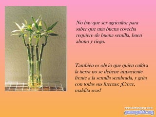 El documento habla sobre el crecimiento del bambú japonés y la lección que esto enseña sobre la paciencia. Explica que el bambú no muestra ningún crecimiento visible durante los primeros 7 años, pero que luego crece más de 30 metros en solo 6 semanas. Esto se debe a que durante esos 7 años iniciales el bambú está desarrollando un complejo sistema de raíces para soportar su rápido crecimiento posterior. De la misma forma, el éxito a menudo requiere tiempo y paciencia para desarrollar los cim
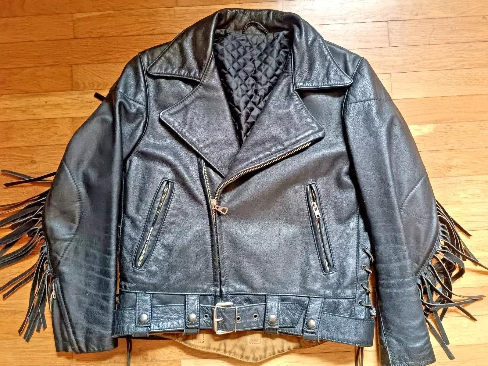 Schicker 2-teiliger Lederanzug für eine zierliche Bikerin in Vintage-Look mit Schnürung u. Fransen.
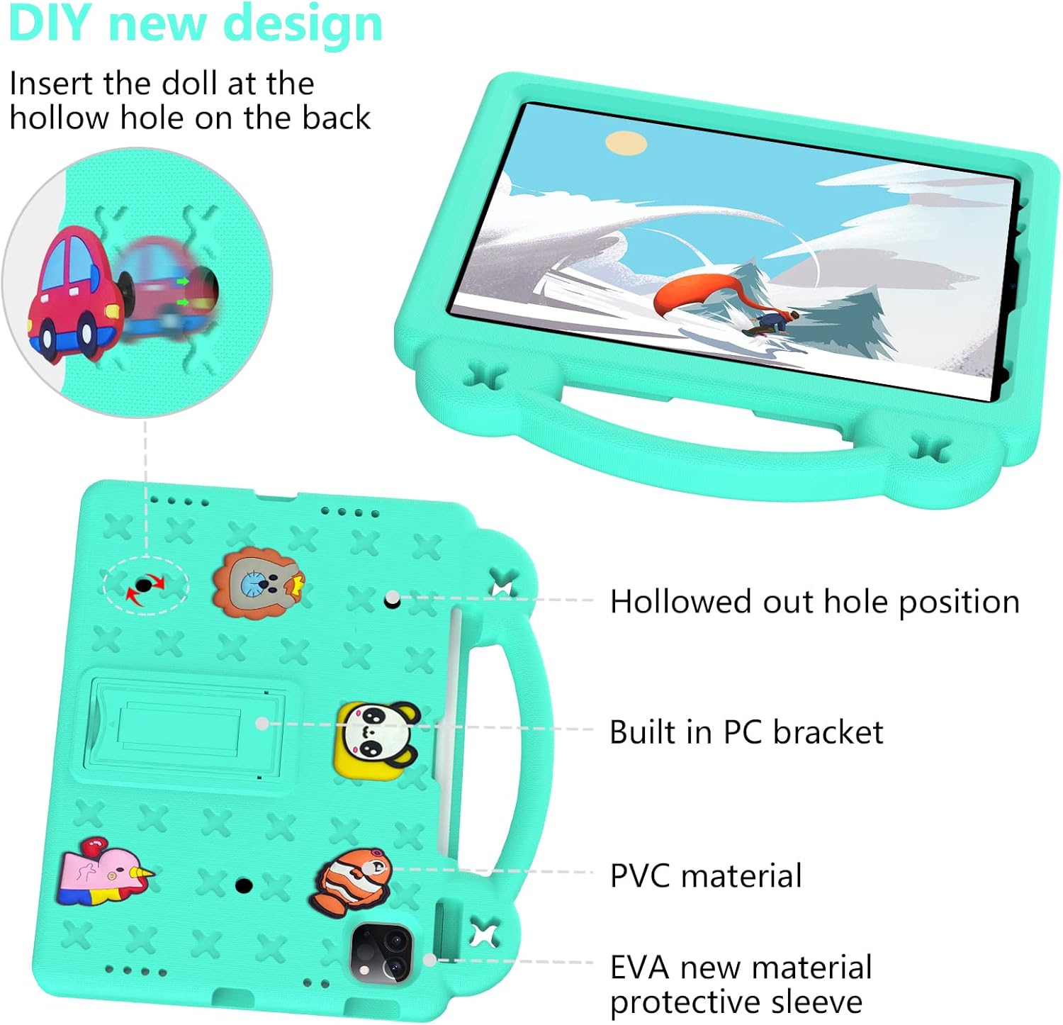 Compatible Models: Compatible with Apple iPad (A16) 11th Generation 11 Inch (2025 release) (Model Number: A3354 A3355 A3356); Compatible with Apple iPad 10th Generation 10.9 Inch (2022 release), (Model Number: A2696 A2757 A2777); not fit other tablets. Product Features: 1. Kids-Proof: Made of flexible durable EVA foam and hard PC material, which can withstand considerable wear and tear and provide extreme shock protection. 2. Portable Pencil Holder: Built-in stylus pen holder Slot for your Pencil, which will fasten the stylus pencil tightly and not easy to drop out. 3. Adjustable Kickstand: Folding Hard PC bracket offers multiple viewing angles, ideal for virtual classes, video streaming, or interactive apps. 4. Built-In Anti-Slip Carrying Handle for Easy Grip: Designed for little hands, anti-slip and kid-friendly handle for secure carrying, preventing accidental drops during play or travel. 5. Raised Camera & Screen Protection: Air cushion technology for drop protection, raised bezels prevent screen and camera against drops & scratches. 6. Precise Cut-outs: All cutouts holes for the tablet's camera, speakers, other ports etc. Slim and lightweight, folio flip case, easy to install, remove and clean. 7. Stylisth and Cute DIY Cartoon Design: This adorable cartoon-style case adds fun to your child’s device, to stimulate their imagination and creative expression, just like playing puzzles or doing handicrafts. Package Includes: 1. 1 x Case for iPad (A16) 11th Generation 11 inch (2025) & FOR iPad 10th Generation 2022 (10.9 Inch) protective case 2. Bonus: 1 x Stylus Pen 3. Bonus: 1 x Cleaning Cloth
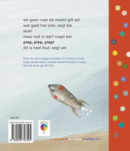 we gaan naar de maan! gilt sel. wat gaat het snel, zegt bel. leuk! maar wat is dat? roept bel. piep, piep, piep! dit is heel fout, zegt sel.
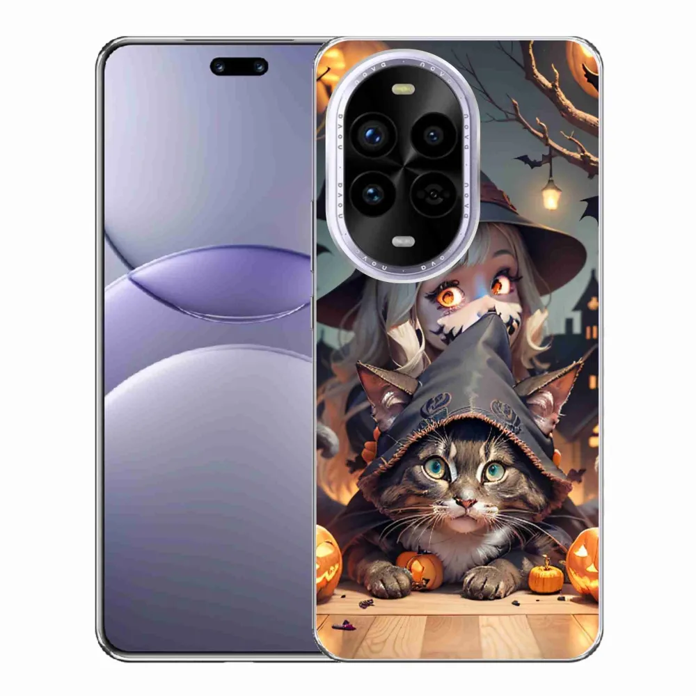 Kočičí pouzdro na Huawei Nova 13 Pro 5G - čarodějnice s kočkou poskytuje všechny výhody gelových krytů, a to v zajímavém designu.
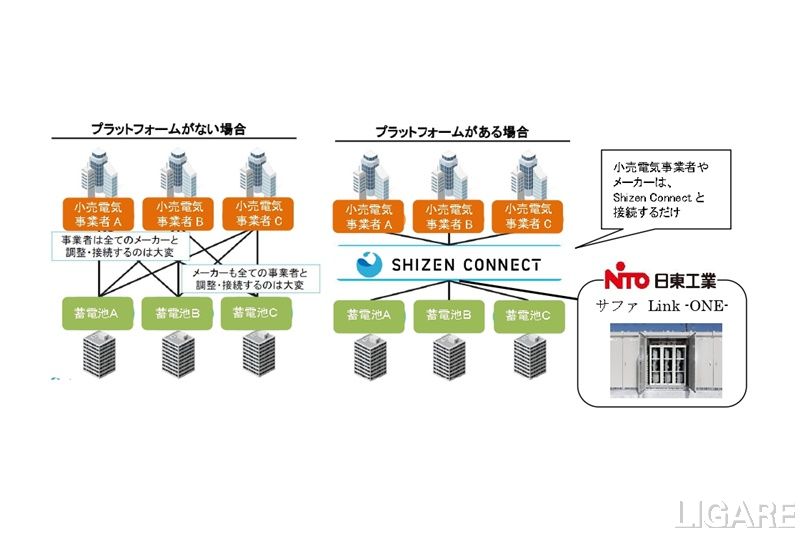 同事業では、Shizen Connect社がIoT技術とAIを利用し、独自開発するアグリゲート・エネルギー管理システム「Shizen Connect(シゼンコネクト)」(以下、Shizen Connect)を活用する。具体的には、日東工業の掛川工場に設置している日東工業製の環境配慮型「産業用太陽光自家消費蓄電池システム サファ Link -ONE-」の充放電を遠隔制御する。これにより、DERアグリ実証事業の枠内でDR制御※2を行い、需給調整市場(三次調整力②)の制御の技術性を明らかにするという。
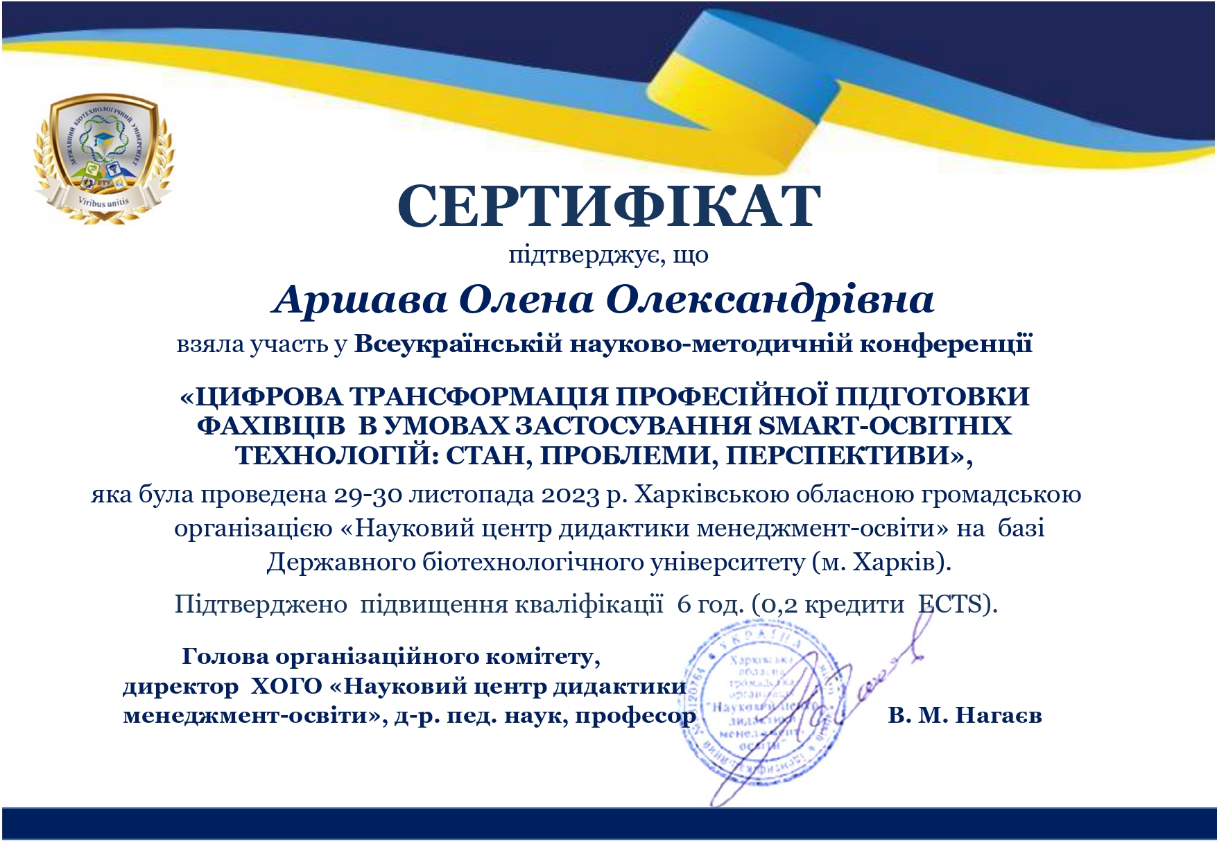 - Сертифікат учасника Всеукраїнської науково-методичної конференції «Цифрова трансформація професійної підготовки фахівців в умовах застосування SMART-освітніх технологій» (Харків, 29–30 листопада 2023)
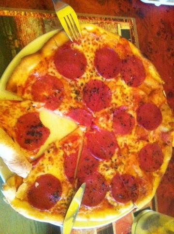 Die Pizzen sind gross, mit besonderen Gewürzen, hauchdünnem Boden im Steinofen gebacken.
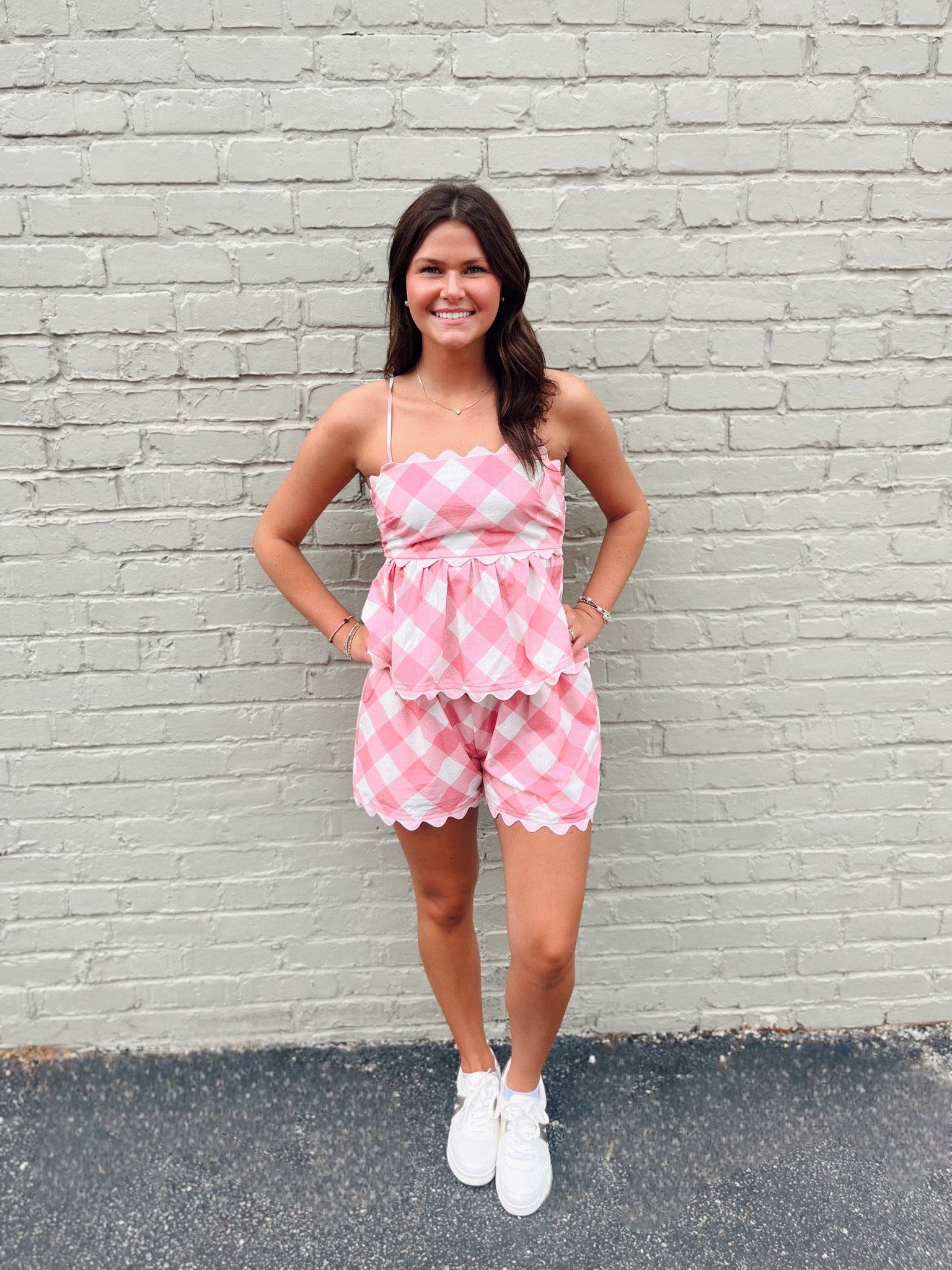 This Gingham Ric Rac Trim Short Set is a stylish and comfortable option for any summertime event. The adorable gingham pattern and Ric Rac trim add a touch of whimsy, while the lightweight fabric ensures breathability and ease of movement. Perfect for a day at the beach or a backyard barbecue.
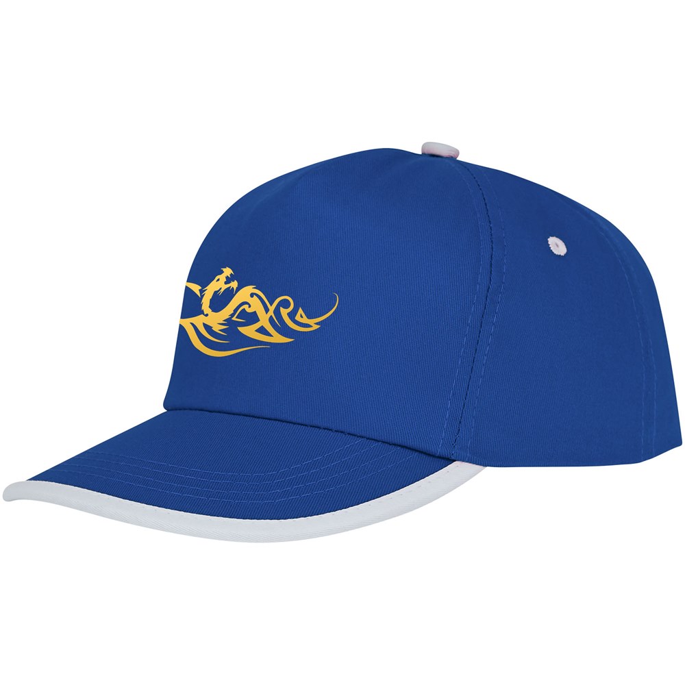 Paspelierung Details. Gestickte Ösen zur Belüftung. Klettverschluss aus Stoff und Schlaufenverschluss. Kopfumfang: 58 cm.
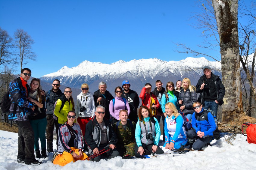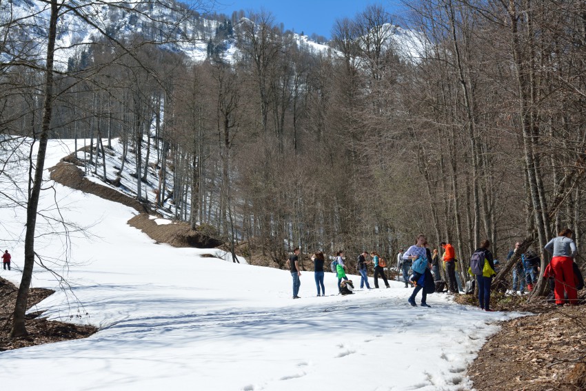 Решили мы добраться до место нашего старта на электричке, РЖД понизили тарифы на электропоезда Ласточка, проезд теперь на этом виде транспорта стал на много бюджетнее. Место старта решили обозначить жд вокзал Роза Хутор, электричка прибывала около 9 утра. Так как наш маршрут начинается ГК Горная Карусель, нам пришлось пройтись не много назад, это оказалось около 15 минут пешком. Канатка начинает работать с 9 утра, приобрели мы ски-пасс экскурсионный до высоты 960, откуда и начиналась наша пешая часть маршрута. На верху открываются прекрасные виды на горы Чугуш, Ассара, Бзерпи. До начало тропы, а точнее грунтовой дороги необходимо спустится на асфальтированную трассу и пройти метров 300 и свернуть направо, сегодня нам с погодой повезло светило солнце и в лесу было сухо. По пути придется проходить мимо горнолыжных трасс и кресельных канаток, около второй кресельной канатки будет развилка, идти надо направо в гору, в этом месте недавно сошел сель, но пройти можно спокойно. Теперь постоянно будет одна дорога без развилок, заблудится сложно, местами дорога хорошая, местами ее размыло селями. Дорога постоянно идет вверх, до самого водопада. Примерно с высоты 1100 местами появился снег, а потом наша дорога пролегала постоянно по снегу, высота снежного покрова на верху было около 1 метра. Так как в этом году у нас зима не много подзадержалась водопада «Штаны» нам не удалось посмотреть, был водопад «Шорты», водопада не оказалось на месте, слишком еще на верху холодно, но нас это не расстроило, мы совершали замечательную прогулку. Под водопадом сделали перекус, приняли солнечные ванны. и вышли в обратный путь, на обратном пути народ решил устроить свою олимпиаду в спортивной дисциплине «жопслей», при помощи пакетов и сидушок. Кто то тем временем лепил снеговика… у нас была настоящая зима среди весны. Спуск занял у нас на много меньше времени, чем подъем. Время в пути составило около 5 часов, а раньше приходилось тратить около 9 часов на маршрут. Совет на водопад лучше идти в конце мая или в июне, тогда он набирают свою мощь и красоту. Снизу не большой фотоотчет.
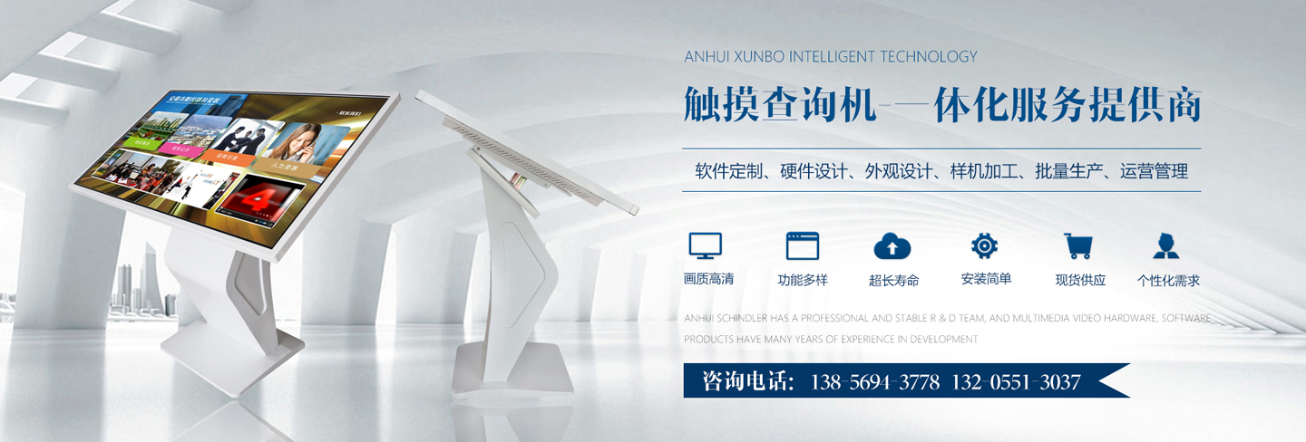 迅博智能 位于中國(guó)科教城---合肥市,和經(jīng)濟(jì)開發(fā)區(qū)與高新區(qū)毗鄰,地址合肥市肥西縣湯口路與皋城路交口人民萬(wàn)福產(chǎn)業(yè)園一期12棟東側(cè),是一家IT領(lǐng)域的高新技術(shù)企業(yè),全心全意服務(wù)于信息化建設(shè),做專業(yè)的信息化提供商,全力打造信息時(shí)代新模式。 迅博智能 主要從事觸摸屏、觸摸顯示器、OLED柔性觸摸屏、觸摸查詢一體機(jī)系列產(chǎn)品及觸摸顯示互動(dòng)體驗(yàn)軟硬件產(chǎn)品;智能排隊(duì)叫號(hào)、網(wǎng)上預(yù)約排隊(duì)叫號(hào)、安康碼皖事通取號(hào)系統(tǒng);曲面屏、OLED 屏幕、柔性屏、LCD液晶大屏拼接系統(tǒng);落地式、壁掛式單機(jī)版網(wǎng)絡(luò)版室內(nèi)外廣告機(jī)及數(shù)字標(biāo)牌廣告信息發(fā)布系統(tǒng);室內(nèi)外LED電子格柵透明屏、單雙色、全彩電子大屏;各類辦事營(yíng)業(yè)廳:公積金...
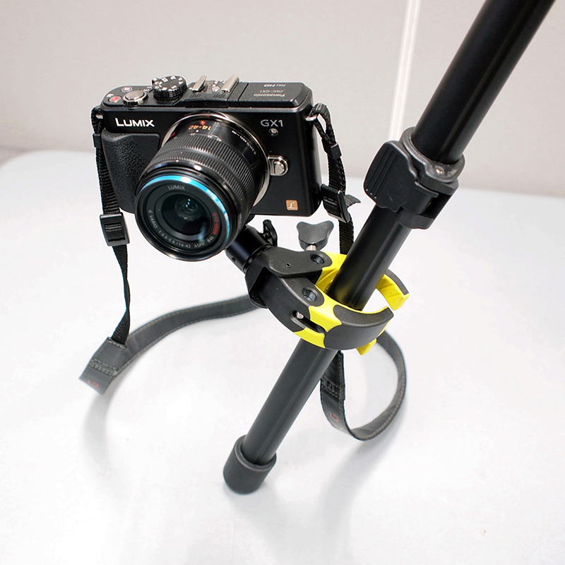 カメラを固定できる自由雲台付きのクランプヘッド
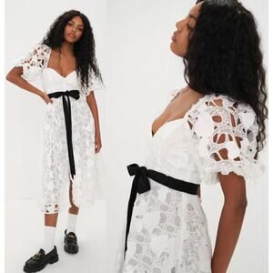 ANTHROPOLOGIE FOR LOVE AND LEMONS WHITE EMBROIDERED LACE MIDI DRESS Small
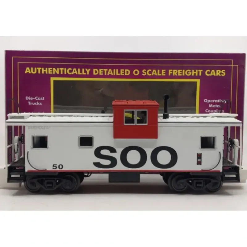 This is a MTH 20-91563 O Soo Line Extended Vision Caboose. This features Intricately Detailed, Durable ABS Body, Stamped Metal Floors, Detailed Car Interior, Metal Wheels and Axles, Die-Cast 4-Wheel Trucks, Fast-Angle Wheel Sets, Needle-Point Axles, (2) Operating Die-Cast Metal Couplers, O Scale Kadee-Compatible Coupler Mounting Pads, Caboose Interiors with Overhead Lighting, Detailed Brake Wheel, Separate Metal Handrails, Brakeman Figure, 1:48 Scale Dimensions, Unit Measures:10 3/4 x 2 3/4 x 4, and Operates On O-31 Curves.
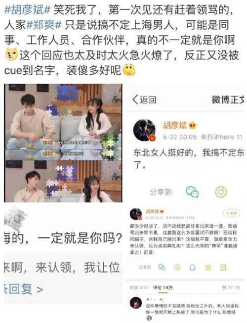 就算两人分手后,胡彦斌也经常会因为郑爽的一些事情被骂,比如一次在节目中无意的说了句我搞不定上海男人引得胡彦斌直接跳脚,连续发4条微博,并求前任以后不要在捎带自己,很多人觉得胡彦斌的反应过激了,其实想想一个长期因为前任被网暴的人,又有谁能一直保持淡定呢?
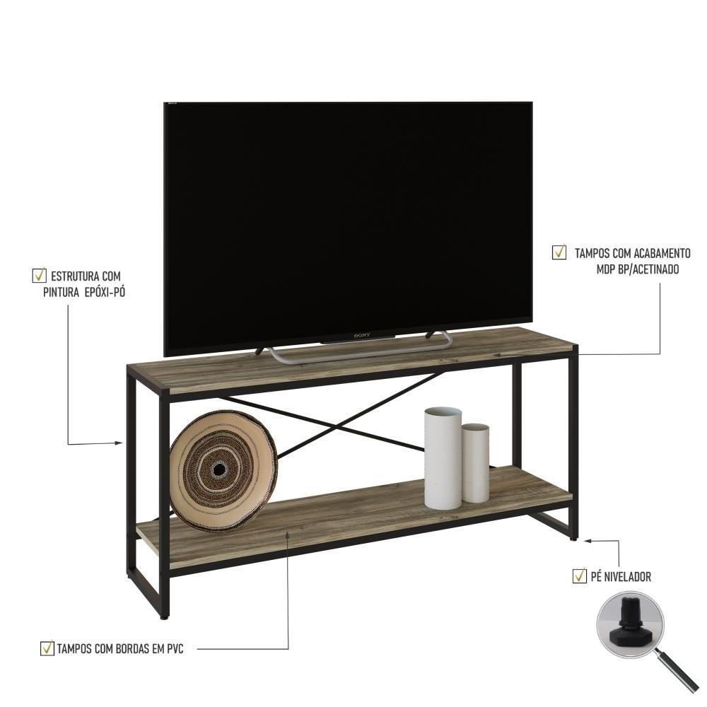 Rack P-tv Dynamica 120x30x56cm C-02 Prateleiras Carvalho - Est.preta Carvalho - Est.preta

§ §

Word for word, restate the lines above from the one with "Kočičí pouzdro na" through the one with "Die Pizzen sind", keeping both ends and dropping the pictures.

**RESPONSE TO THE EXERCISE**
 Kočičí pouzdro na Huawei Nova 13 Pro 5G - čarodějnice s kočkou poskytuje všechny výhody gelových krytů, a to v zajímavém designu.
 同事業では、Shizen Connect社がIoT技術とAIを利用し、独自開発するアグリゲート・エネルギー管理システム「Shizen Connect(シゼンコネクト)」(以下、Shizen Connect)を活用する。具体的には、日東工業の掛川工場に設置している日東工業製の環境配慮型「産業用太陽光自家消費蓄電池システム サファ Link -ONE-」の充放電を遠隔制御する。これにより、DERアグリ実証事業の枠内でDR制御※2を行い、需給調整市場(三次調整力②)の制御の技術性を明らかにするという。
 - Сертифікат учасника Всеукраїнської науково-методичної конференції «Цифрова трансформація професійної підготовки фахівців в умовах застосування SMART-освітніх технологій» (Харків, 29–30 листопада 2023)
 Die Pizzen sind gross, mit besonderen Gewürzen, hauchdünnem Boden im Steinofen gebacken.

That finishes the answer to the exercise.